Но прибегает ли к этому стилю Голд, Беллоу или Пейли, упругость всегда представляет собой нечто еще: выражение удовольствия. Однако сразу вопрос: если мир изуродован и нереален и, на мой взгляд, с каждым днем уродство усугубляется; если человек ощущает себя все более бессильным перед лицом этой нереальности; если неотвратимый финал – это уничтожение пусть не всего живого, но самого ценного и наиболее цивилизованного – тогда как, скажите мне на милость, писатель может испытывать удовольствие? Почему все наши вымышленные герои не оказываются в клинике, подобно Холдену Колфилду, или не кончают жизнь самоубийством, подобно Сеймуру Глассу? И почему многие из них – не только в книгах Вука и Вайдмана, но также и в романах Беллоу, Голда, Стайрона и прочих – в финале прославляют жизнь? Ибо, несомненно, атмосфера сегодня пронизана жизнеутверждающим пафосом, и, хотя мы, бесспорно, в конце года прочитаем в журнале «Лайф» редакционную статью, призывающую нас писать жизнеутверждающие романы, факт остается фактом: все больше и больше книг серьезных писателей завершаются на торжествующей ноте. И не только стиль прозы упруг, но и мораль также упруга. В «Оптимисте», другом романе Голда, герой, вдоволь набив себе шишек, восклицает в финальной фразе книги: «Еще!
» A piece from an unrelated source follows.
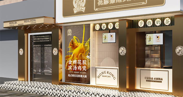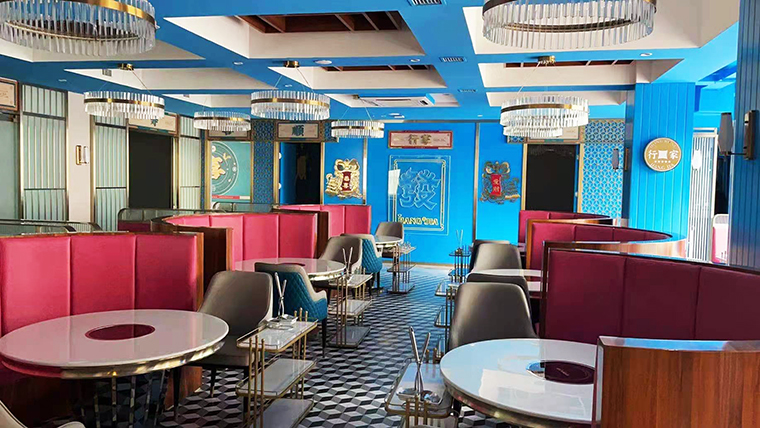 行家花膠雞港式打邊爐餐廳在顏色設(shè)計(jì)上結(jié)合品牌色,大面積使用不銹鋼金色,藍(lán)綠色,暗紅色,將餐廳打造成主題風(fēng)格截然不同的港式餐廳,同時(shí)融入具有地域風(fēng)情的港式風(fēng)味,在文化元素上植入恭喜發(fā)財(cái),順、發(fā)、喜等傳統(tǒng)香港吉祥話語元素,傳統(tǒng)與現(xiàn)代的元素融合在餐飲空間中,突破了人們對(duì)傳統(tǒng)港式餐廳的認(rèn)知,重新定義新派港式打邊爐餐廳的基調(diào)。

Еще! Еще! Еще!» Роман Кертиса Харнака «Работа древней руки» завершается сценой, где героя переполняет «восторг и надежда» и он громко кричит: «Я верую в Бога!» И книга Сола Беллоу «Хендерсон – король дождя» прославляет возрождение сердца, крови и здоровья главного героя. Вместе с тем, я уверен, важно, что перерождение Хендерсона происходит в мире, целиком и полностью вымышленном, несуществующем. Юджин Хендерсон приезжает не в ту бурную Африку, о которой пишут в газетах и дискутируют в ООН. В этой Африке нет ни национализма, ни волнений, ни апартеида. Да и с чего? Есть мир, а есть «я». И это «я», когда писатель обращает на него все свое внимание и посвящает ему свой талант, оказывается весьма замечательным предметом. Прежде всего, оно существует, оно реально. «Я есть, – кричит “я”, а затем, оглядывая себя, добавляет: – И я прекрасно!»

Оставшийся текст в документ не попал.